--- Supplied records Enclosed Below ---

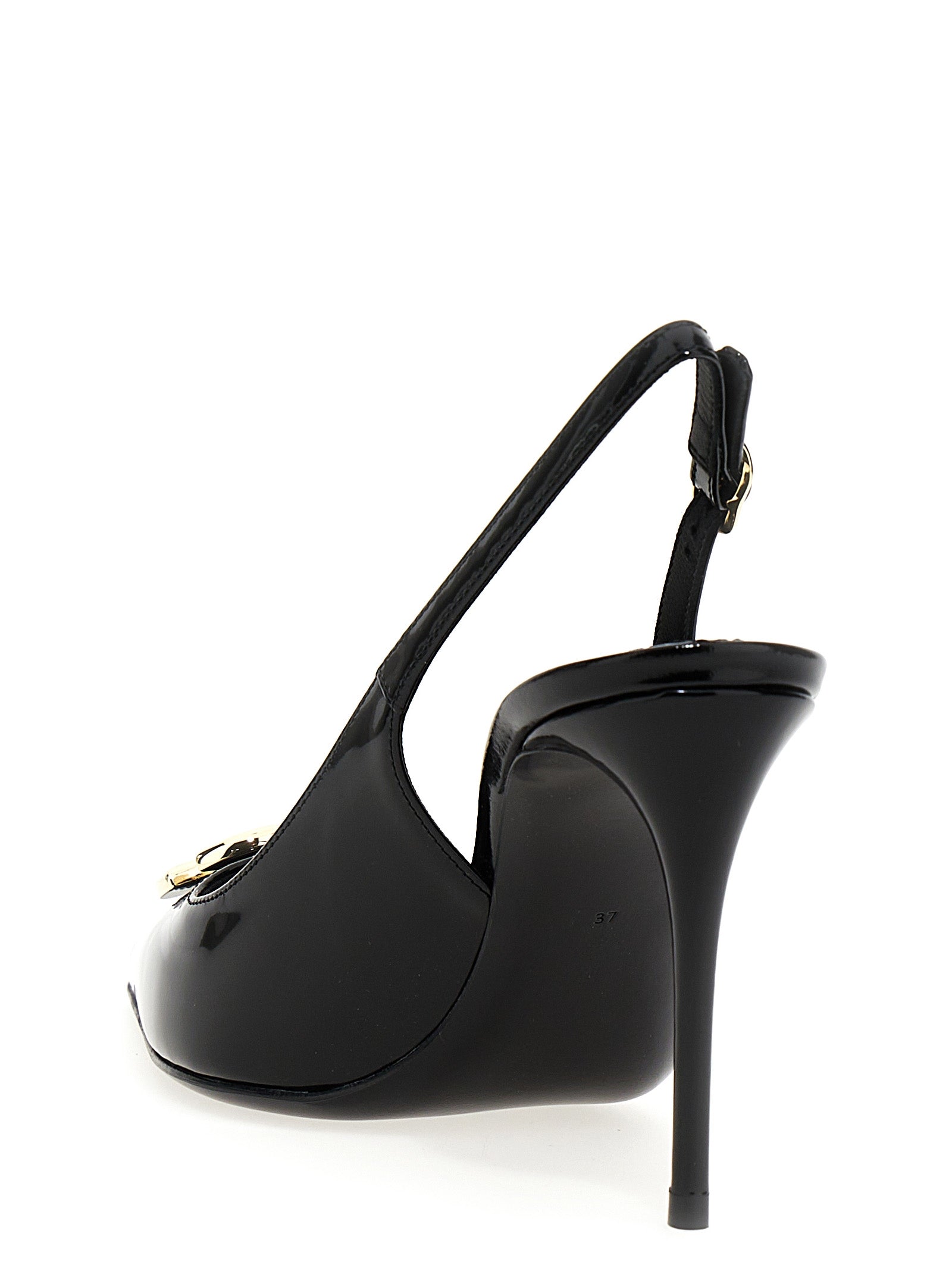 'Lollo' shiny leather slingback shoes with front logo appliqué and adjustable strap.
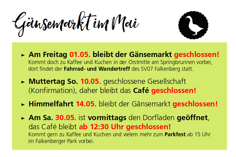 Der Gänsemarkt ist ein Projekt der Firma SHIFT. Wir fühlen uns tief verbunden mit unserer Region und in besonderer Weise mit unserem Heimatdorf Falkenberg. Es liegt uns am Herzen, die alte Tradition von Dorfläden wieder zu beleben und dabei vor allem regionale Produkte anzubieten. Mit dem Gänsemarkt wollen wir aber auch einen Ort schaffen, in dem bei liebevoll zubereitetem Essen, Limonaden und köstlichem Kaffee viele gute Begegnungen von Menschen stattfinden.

--- End of Enclosed Supplied records ---
--- Supplied records Enclosed Below ---

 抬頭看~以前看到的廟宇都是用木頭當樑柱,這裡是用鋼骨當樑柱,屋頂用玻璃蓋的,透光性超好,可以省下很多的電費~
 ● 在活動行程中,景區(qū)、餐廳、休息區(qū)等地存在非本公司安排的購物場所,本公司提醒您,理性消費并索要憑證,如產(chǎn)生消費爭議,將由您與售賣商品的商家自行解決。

--- End of Enclosed Supplied records ---

* [What to do] Looking above, find the stretch of lines that opens with the one holding "and adjustable strap." and closes with the one holding "Der Gänsemarkt ist". Copy it exactly, pictures excluded.

* [Expected answer]
 'Lollo' shiny leather slingback shoes with front logo appliqué and adjustable strap.
 Der Gänsemarkt ist ein Projekt der Firma SHIFT. Wir fühlen uns tief verbunden mit unserer Region und in besonderer Weise mit unserem Heimatdorf Falkenberg. Es liegt uns am Herzen, die alte Tradition von Dorfläden wieder zu beleben und dabei vor allem regionale Produkte anzubieten. Mit dem Gänsemarkt wollen wir aber auch einen Ort schaffen, in dem bei liebevoll zubereitetem Essen, Limonaden und köstlichem Kaffee viele gute Begegnungen von Menschen stattfinden.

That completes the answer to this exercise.